**Action item:**
Below are some records. Set down exactly the line holding "Cemix 1320 malta" and every later line through the end, omitting the pictures.

########

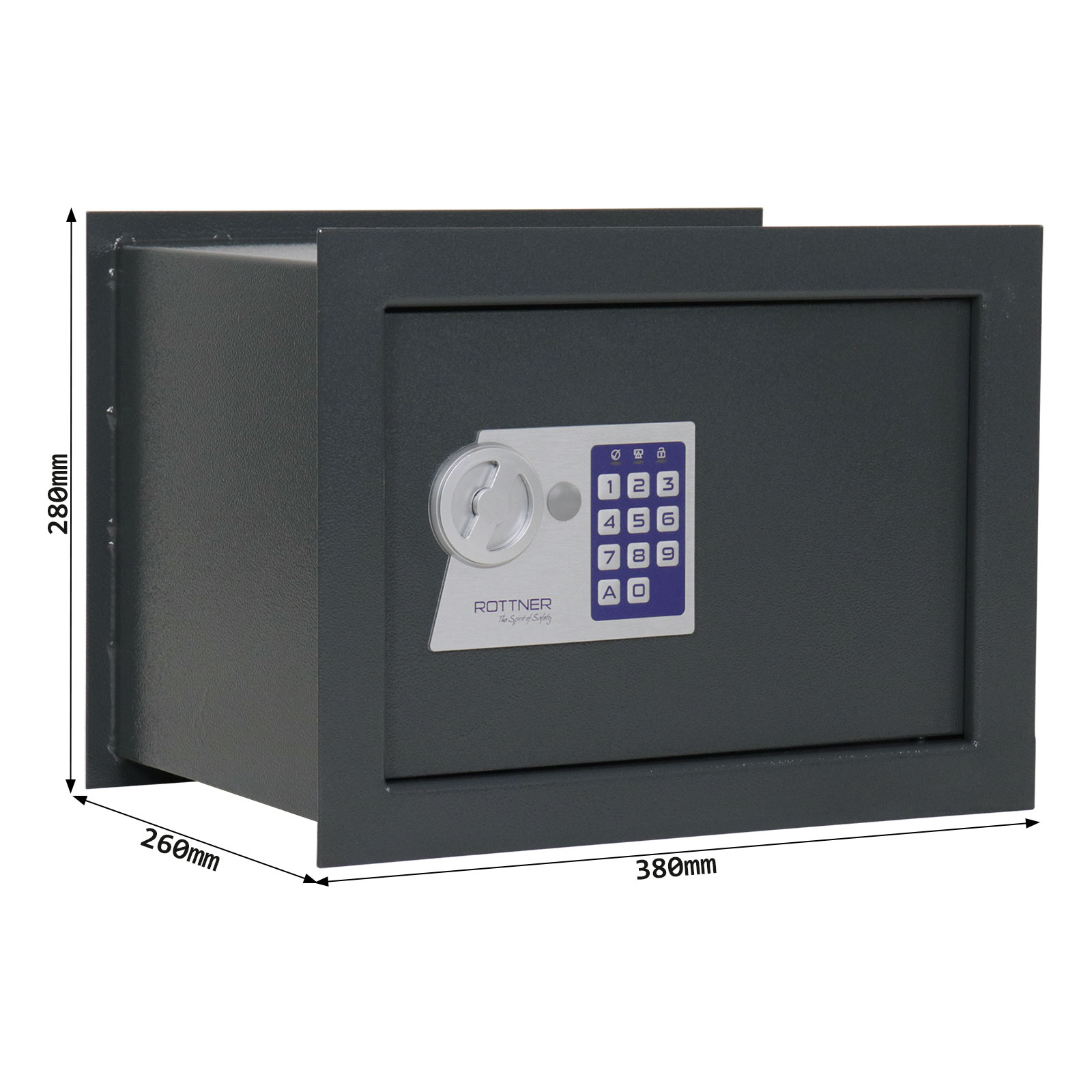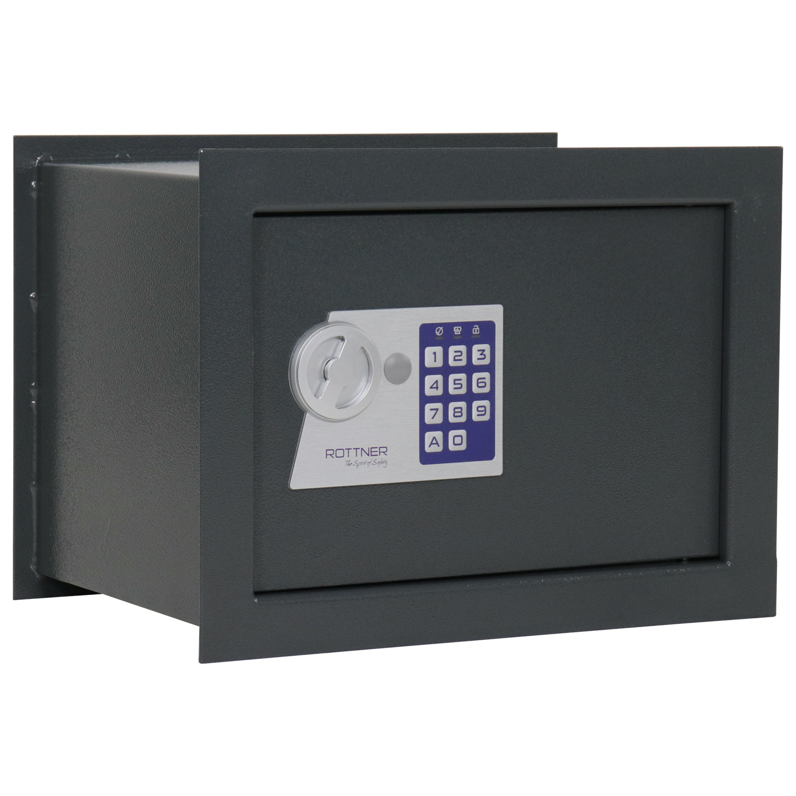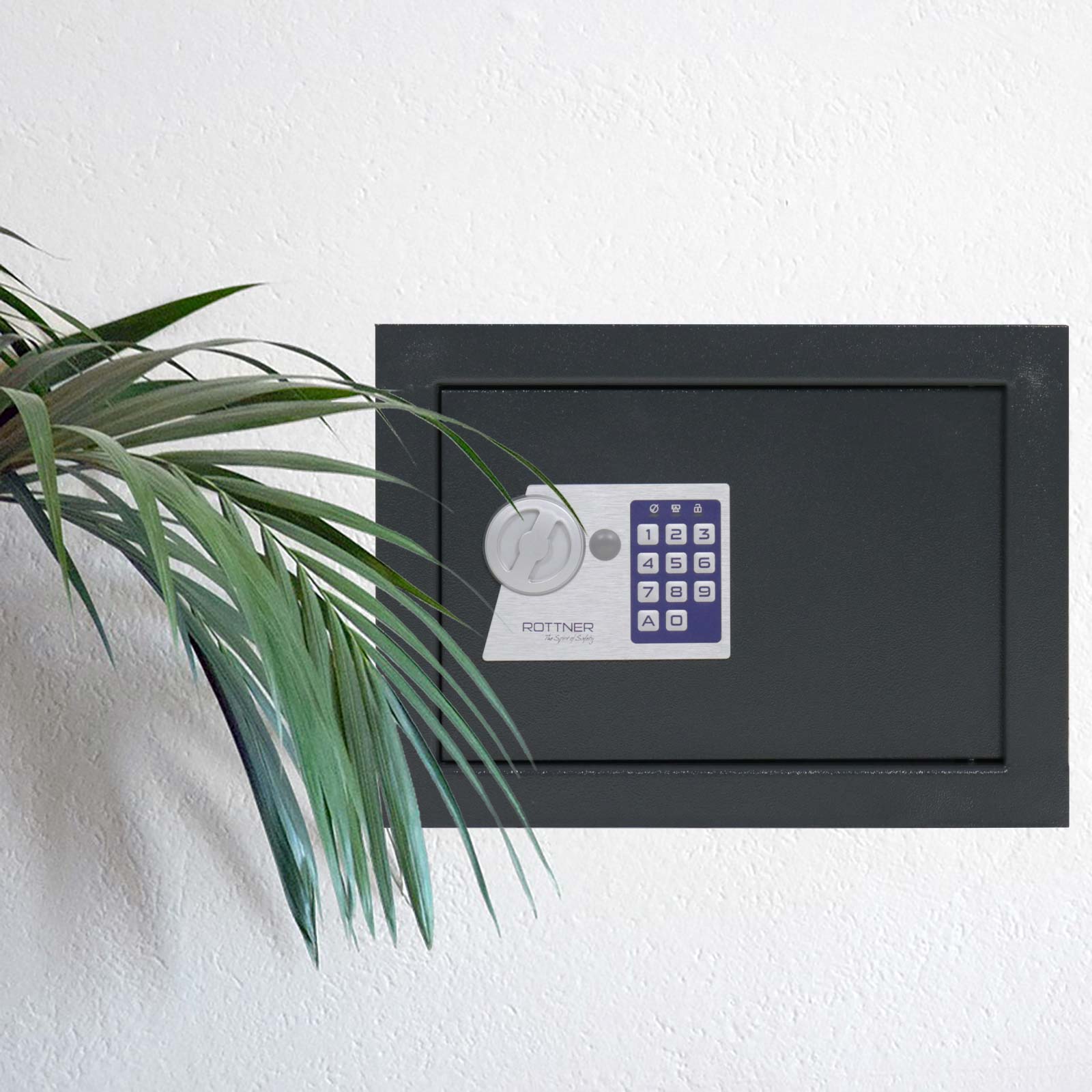 Der Rottner Elektronik Wandtresor Wallmatic 2 überzeugt durch seine Kompaktheit und das schlichte Design. Das Elektronikschloss mit leicht lesbarer Tastatur ist batteriebetrieben und hat eine mechanische Notöffnung, sodass bei Problemen mit einem Schlüssel aufgesperrt werden kann. Der Stahltresor schützt vor leichten Bränden und wird eingemauert – eine 10 cm starke Betonummantelung ist erforderlich. Ein sicherer Platz für Dokumente und Wergegenstände.
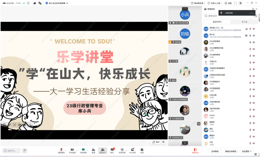 8月17日,政管学院学生会主席团成员、国家奖学金得主、2023级行政管理专业本科生库小兵同学围绕学业发展、选课机制、信息资源工具利用、校园活动与社会实践参与等主题,与新同学们进行了深入交流。旨在帮助新生在未来四年中更好地平衡学习、兴趣与学生工作,实现综合素养的全面提升。
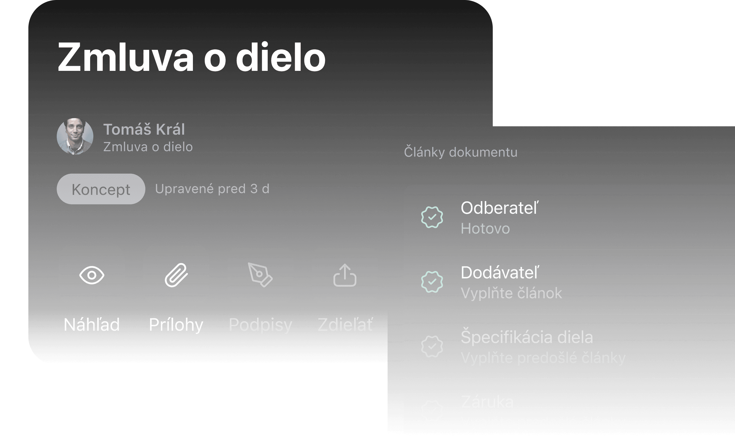 Zabudnite na tlač papiera, všetko vyriešite efektívne priamo v aplikácii. Navyše ušetríte finančné prostriedky za právnika, poplatky u notára, hodiny času a pomôžete planéte revolučným eko riešením.
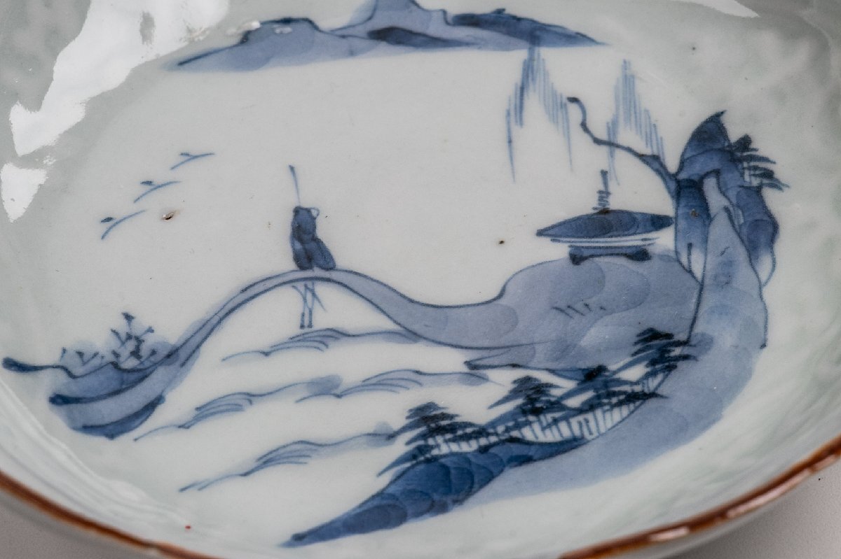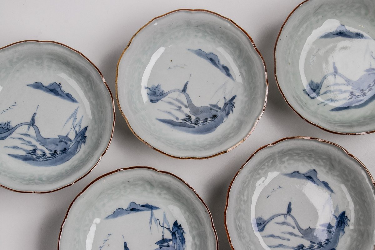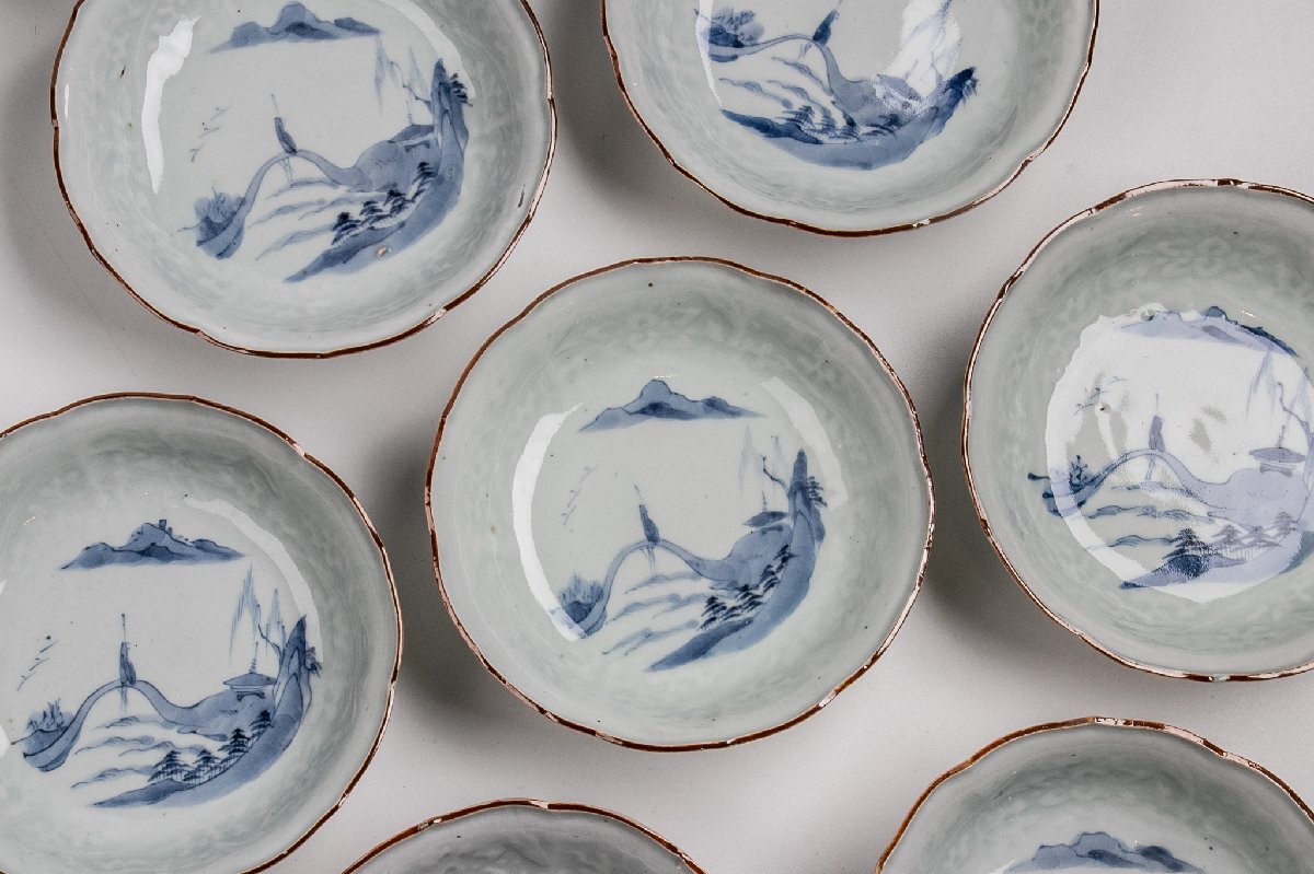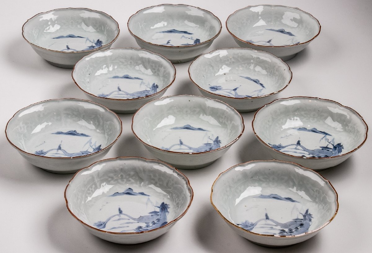 【うつわ】 古伊万里 染付陽刻山水文なます皿 10客 江戸後期 E1599 バラ売り可能です 古美術 骨董 古玩 陶磁器 和食器 懐石 料亭
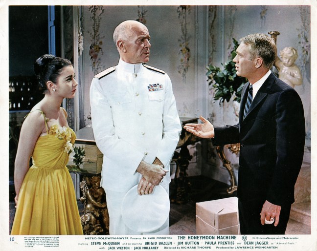 First up is when McQueen meets Brigid Bazlen, A bold beauty who just happens to be the Admiral’s daughter and she’s caught McQueen’s eye. Hutton himself runs into ex-flame Paula Prentiss who is a delight here as a near sighted beauty caught up in one comical screen gag after another due to her short sightedness. Using coded signals from ship to shore and back again, the boys begin to cash in at the table but when Dean Jagger’s Admiral sees the ship sending signals to the shoreline, the roulette wheel is going to experience some major setbacks.
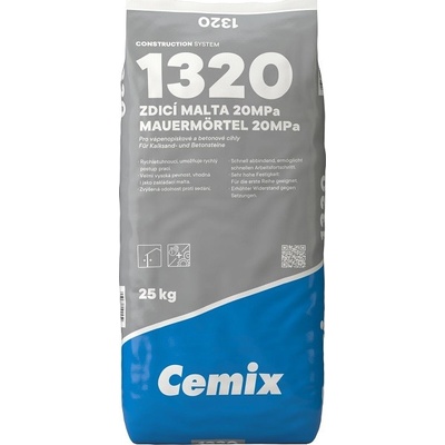 Cemix 1320 malta zdicí. Speciální cementová rychletuhnoucí malta s velmi vysokou pevností pro zdění konstrukcí z vápenopískových a betonových bloků. Malta se vyznačuje zvýšenou...
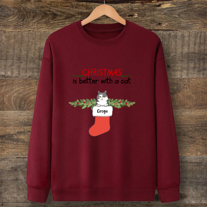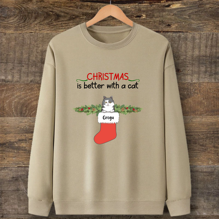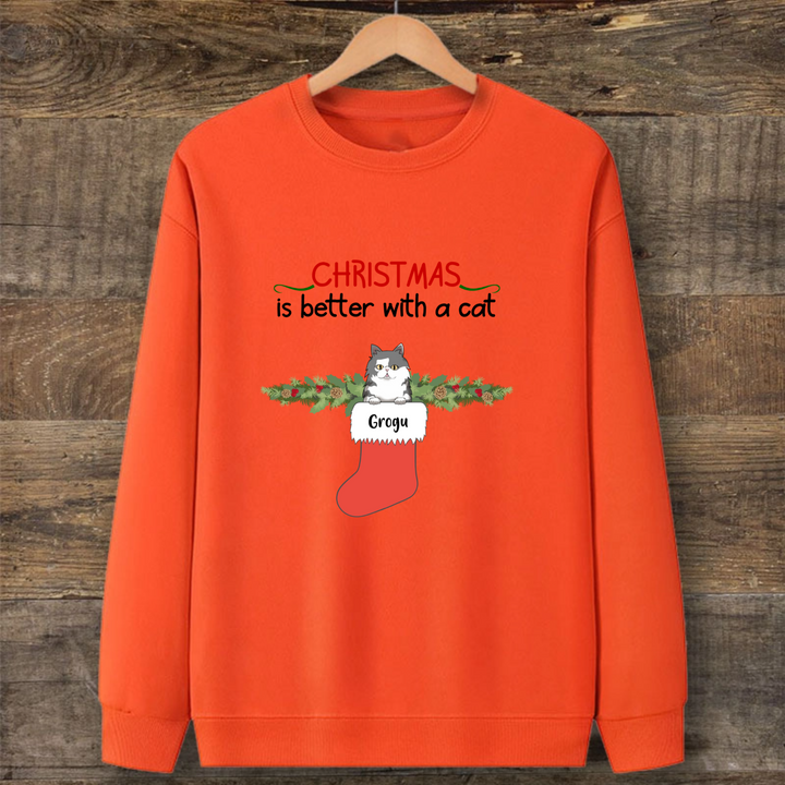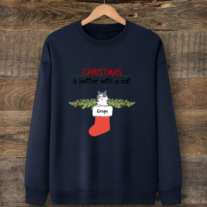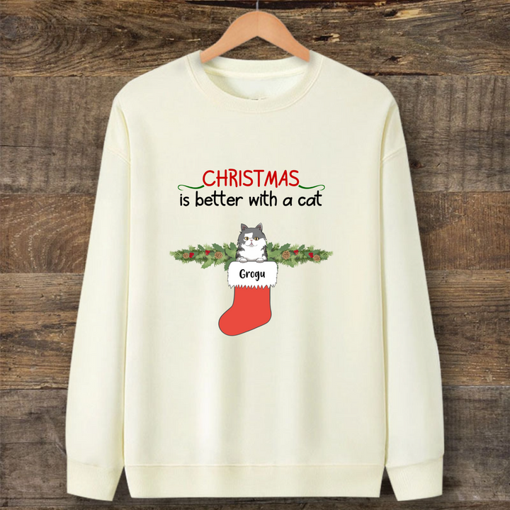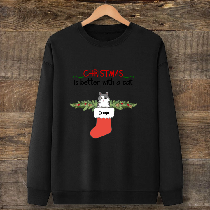Personalized Christmas Is Better with Cats Sweatshirt, Gifts For Family, Cat Lovers
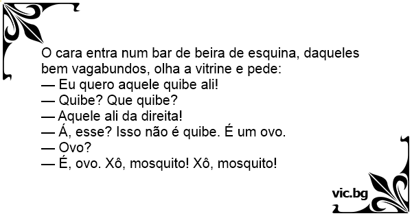 O cara entra num bar de beira de esquina, daqueles bem vagabundos, olha a vitrine e pede:
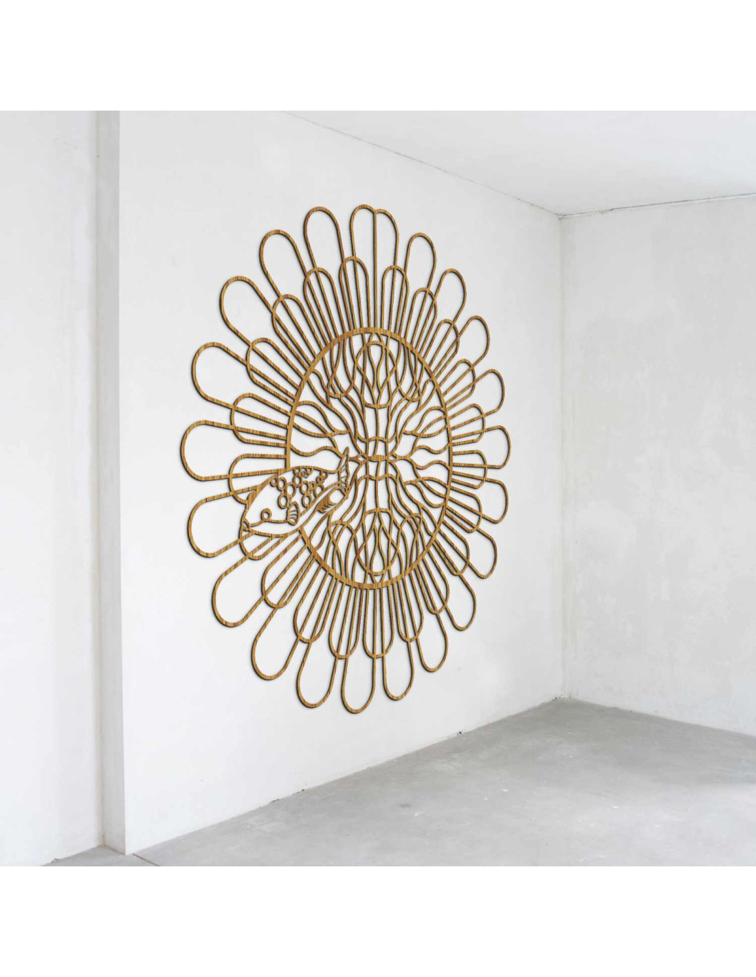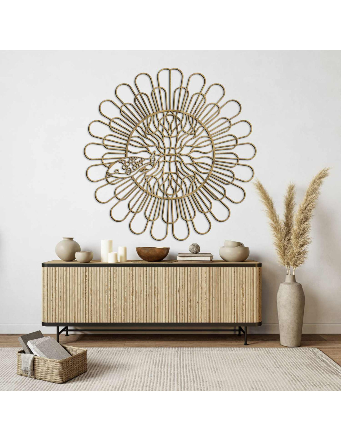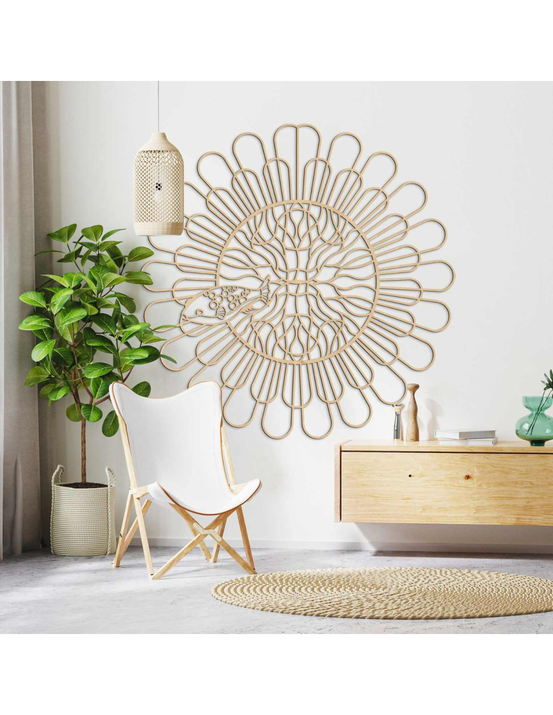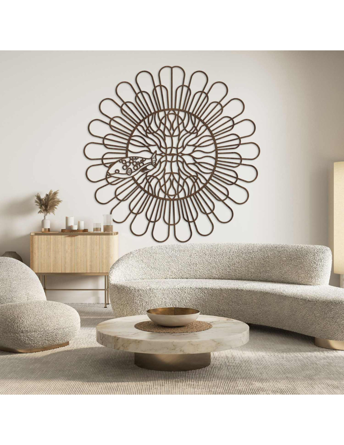 Černá dřevěná mandala s rybou na bílé stěně v moderním bytě
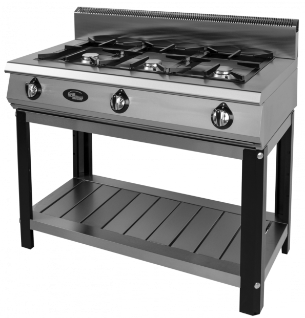 - Плита имеет 3профессиональныегорелкикласса Heavy Duty и газ-контроль всех горелок плиты.
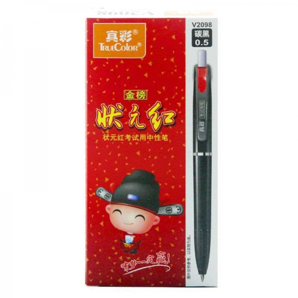 真彩(TrueColor) V2098金榜状元红考试用按动中性笔 碳黑 0.5mM 通用头 12支/盒

########

**Response:**
 Cemix 1320 malta zdicí. Speciální cementová rychletuhnoucí malta s velmi vysokou pevností pro zdění konstrukcí z vápenopískových a betonových bloků. Malta se vyznačuje zvýšenou...
Personalized Christmas Is Better with Cats Sweatshirt, Gifts For Family, Cat Lovers
 O cara entra num bar de beira de esquina, daqueles bem vagabundos, olha a vitrine e pede:
 Černá dřevěná mandala s rybou na bílé stěně v moderním bytě
 - Плита имеет 3профессиональныегорелкикласса Heavy Duty и газ-контроль всех горелок плиты.
 真彩(TrueColor) V2098金榜状元红考试用按动中性笔 碳黑 0.5mM 通用头 12支/盒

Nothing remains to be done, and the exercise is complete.